Wcześniej prezydent spotkał sie z premierem Mateuszem Morawieckim. Ustalili, że 11 listopada zorganizowany zostanie państwowy marsz z okazji stulecia odzyskania przez Polskę niepodległości. Kwestie organizacyjne marszu spoczywać będą na rządzie. Sekretarz stanu w Kancelarii Prezydenta Błażej Spychalski podczas briefingu zachęcił wszystkie środowiska do uczestnictwa w marszu 11 listopada. – Pokażmy, że jesteśmy jedną, biało-czerwoną drużyną. Pokażmy, że możemy w tym dniu wspólnie świętować – apelował.

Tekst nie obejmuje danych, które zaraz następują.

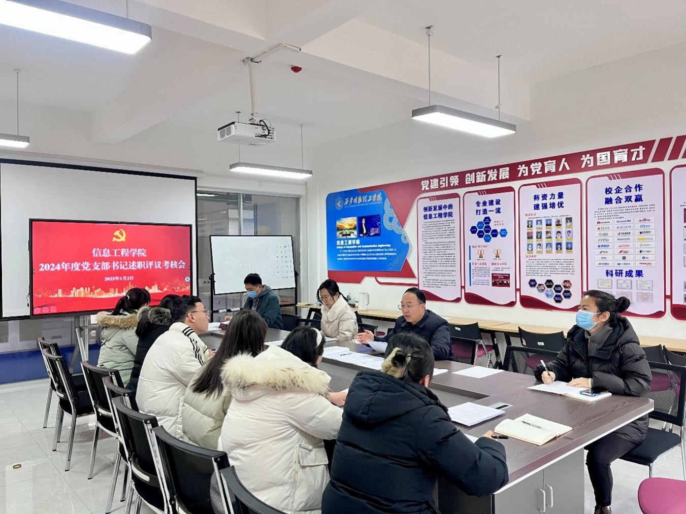 2025年1月2日上午,信息工程学院在明志楼北206会议室召开2024年度党支部书记述职评议考核会,学院党委委员及各党支部书记参加。会议由学院党委书记肖千春主持。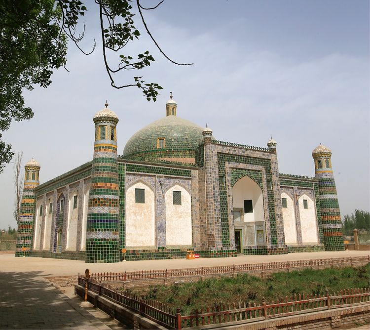 香妃墓,坐落在喀什市東郊的浩罕村,系自治區(qū)的重點(diǎn)文物保護(hù)單位。這是一座典型的伊斯蘭古建筑群,也是伊斯蘭教圣裔的陵墓,占地2公頃。 據(jù)說(shuō)墓內(nèi)葬有同一家族的五代72人。第一代是伊斯蘭著名傳教士玉素甫霍加。他死后葬于此。 傳說(shuō),埋葬在這里的后裔中,有一個(gè)叫伊帕爾汗的女子,是乾隆皇帝的愛(ài)妃,由于她身上有一股常有的沙棗花香,人們便稱她為“香妃”。香妃死后由其嫂將尸體護(hù)送回喀什,并葬于此墓內(nèi),因而人們又將這座陵墓稱作“香妃墓”。不過(guò)據(jù)考證,香妃并沒(méi)有葬在這里,她確切的葬地在河北遵化清東陵的裕妃園寢。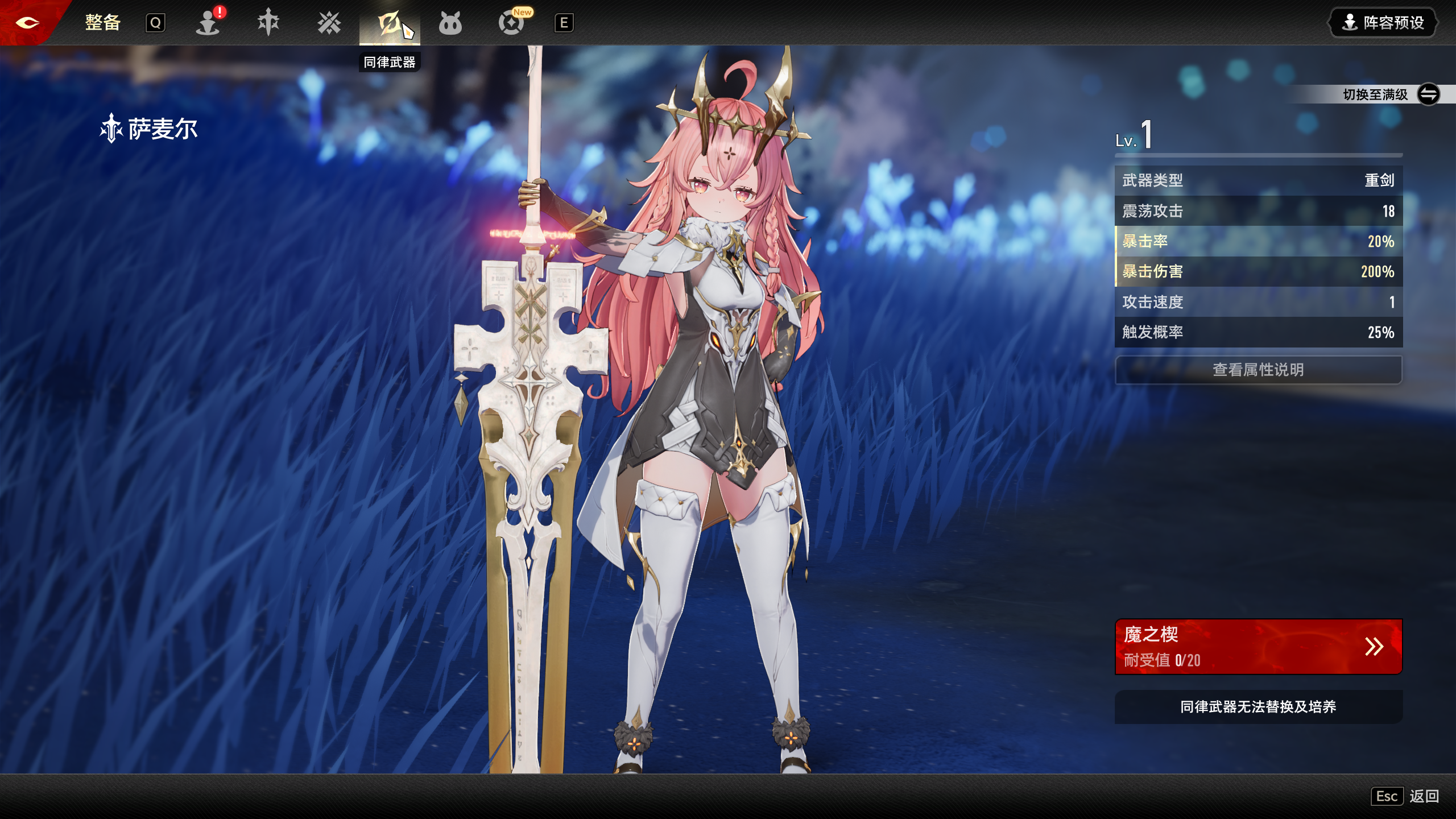 同律武器的魔之楔需要单独搭配,使用时务必确认角色是否具备该武器类型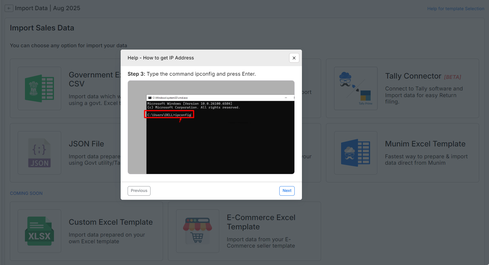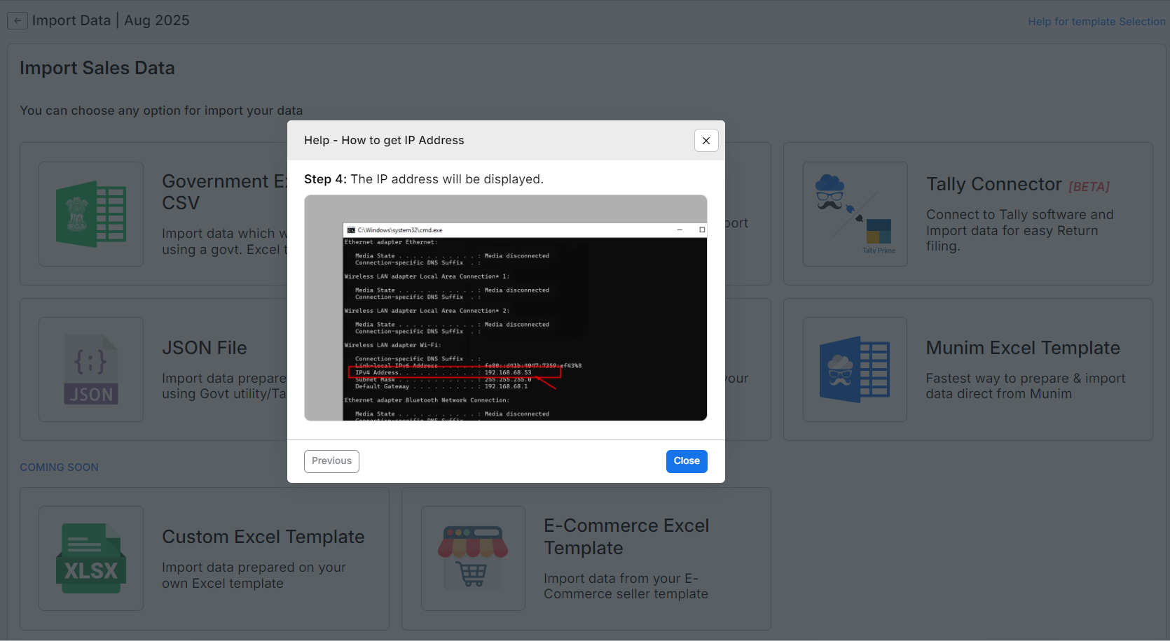 - A pop-up will appear for the Tally Connector. Enter your system’s IP Address and the Port Number configured in Tally Prime.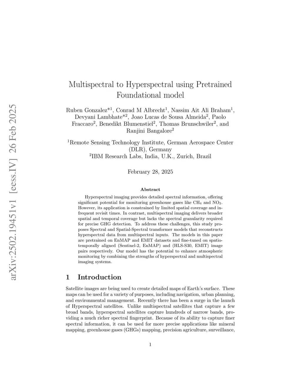 Multispectral to Hyperspectral using Pretrained Foundational model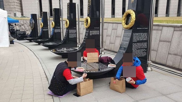 [아유경제=장성경 기자] 서울 용산 전쟁기념관에서 일부 방문객들이 평화의 광장 위령비를 `밥상`으로 사용한 사실이 알려졌다.

Prezydent wyszedł z inicjatywą własnego marszu kilka godzin po tym, jak Hanna Gronkiewicz-Waltz zakazała w Warszawie Marszu Niepodległości. Internet kipi od komentarzy. Część osób zarzuca władzom Warszawy podjęcie bezprawnej decyzji, inni oburzają się na prezydenta i premiera za ogłaszanie nowej imprezy tuż przed Świętem Niepodległości. Przewodniczący warszawskiego klubu „Gazety Polskiej” Adam Borowski sugeruje, że władze ogólnopolskie w rzeczywistości mogą uratować Marsz Niepodległości: – Prezydent Andrzej Duda i premier Mateusz Morawiecki wykazali się wielką mądrością i zapowiedzieli marsz państwowy, którego HGW nie ma możliwości zakazać.